Three former councilmembers told the Eagle that the jail plan will likely pass, though it may take some back-room deal-making. The former councilmembers requested anonymity so as to not alienate former colleagues. 

“It’s going to happen. They’re going to posture and do things and maybe some will vote no,” said one. “It doesn’t get this far and not go through.”

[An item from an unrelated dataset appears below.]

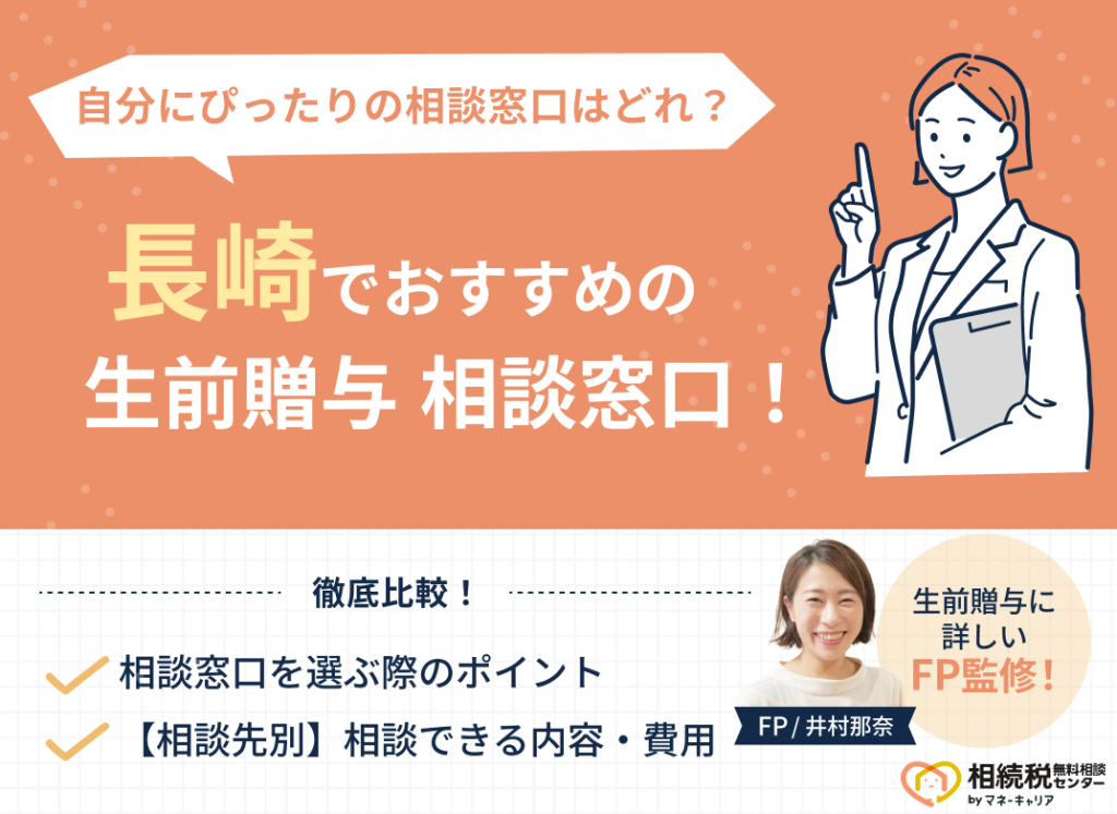 「長崎でおすすめの相続税相談窓口はどこ?」 とお悩みの方に、長崎でおすすめの相続税相談窓口5社と、失敗しない相談窓口の選び方を解説します。 長崎で相続税の相談先を探す時によくある失敗例として、「担当FPが経験不足だった」「おすすめされた方法が... -

“It will get done, but there will be a lot of tweaks,” said political consultant George Arzt. He believes a compromise between City Hall and the council on the height of the proposed facilities will enable councilmembers to save face with constituents opposed to the plan. 

“The administration has enough of an opening with the reduced jail population to cut the height of the buildings, and I think that is the most significant factor in getting this done,” Arzt said. “That allows councilmembers to say, ‘They wanted X, but we did Y, and we got this done for our constituents.’”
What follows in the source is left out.